BRIEF >>
Write the data out again, character for character, with no images.

DATA SHOWN >>
* * *
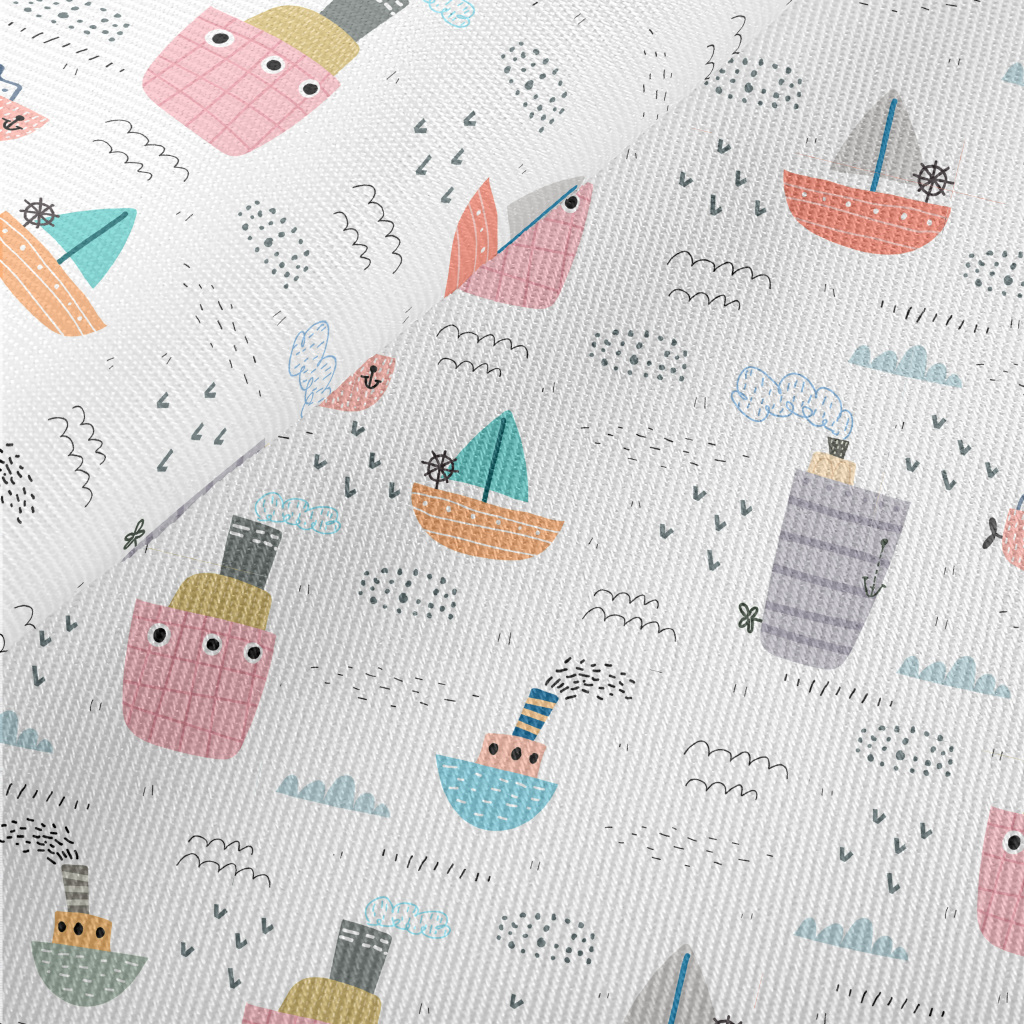可愛塗鴉各種船隻斜紋布(幅寬150公分)
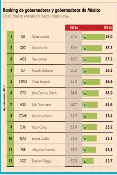 El levantamiento señaló que 13 gobernadores registraron una disminución en su aval ciudadano respecto a enero de 2026, lo que refleja una dinámica volátil en la percepción pública.
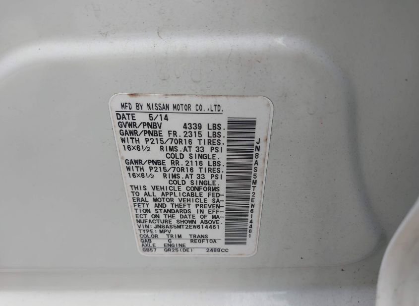 - VIN: JN8AS5MT2EW614461
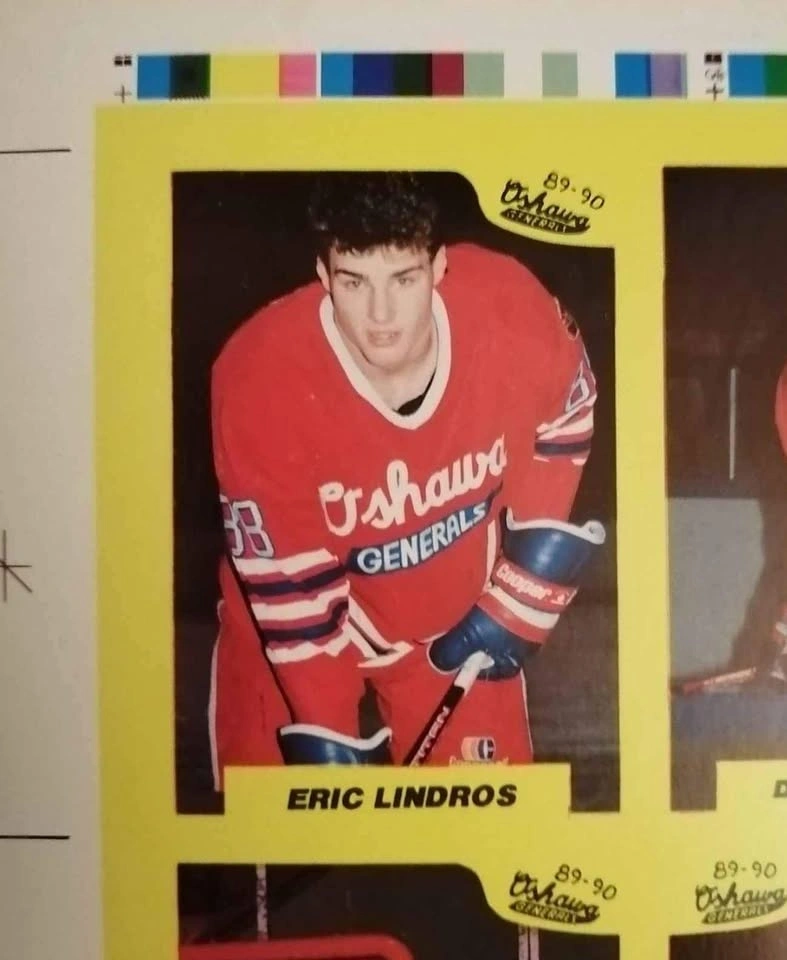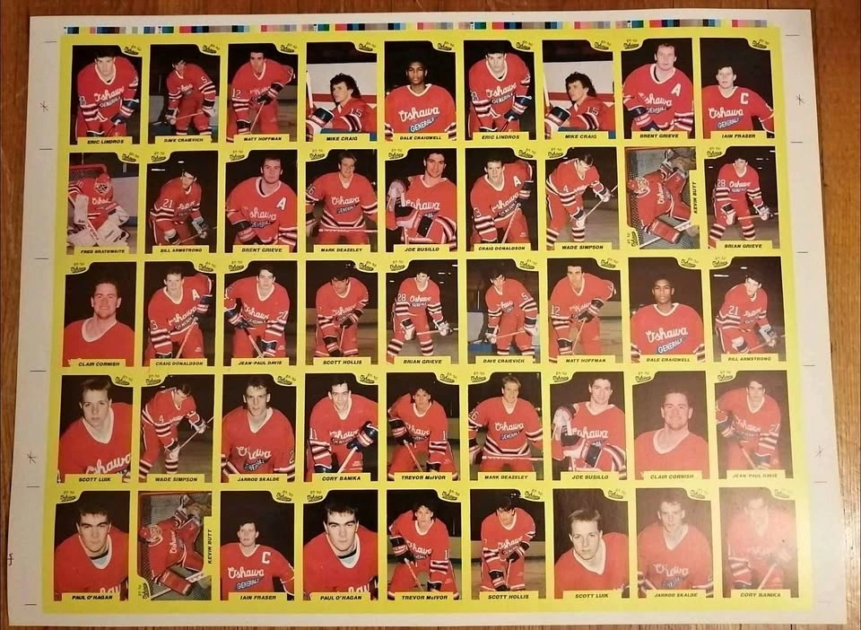 Rare Limited Print of 1989-90 7th Inning Sketch Hockey Cards! Uncut Oshawa Generals Team Set Sheet. 45 total cards. Sheet #96 of 400. Eric Lindros Pre-Rookie Card. A rare 35 year old piece of hockey memorabilia!
* * *
TASK SOLUTION >>
可愛塗鴉各種船隻斜紋布(幅寬150公分)
 El levantamiento señaló que 13 gobernadores registraron una disminución en su aval ciudadano respecto a enero de 2026, lo que refleja una dinámica volátil en la percepción pública.
 - VIN: JN8AS5MT2EW614461
 Rare Limited Print of 1989-90 7th Inning Sketch Hockey Cards! Uncut Oshawa Generals Team Set Sheet. 45 total cards. Sheet #96 of 400. Eric Lindros Pre-Rookie Card. A rare 35 year old piece of hockey memorabilia!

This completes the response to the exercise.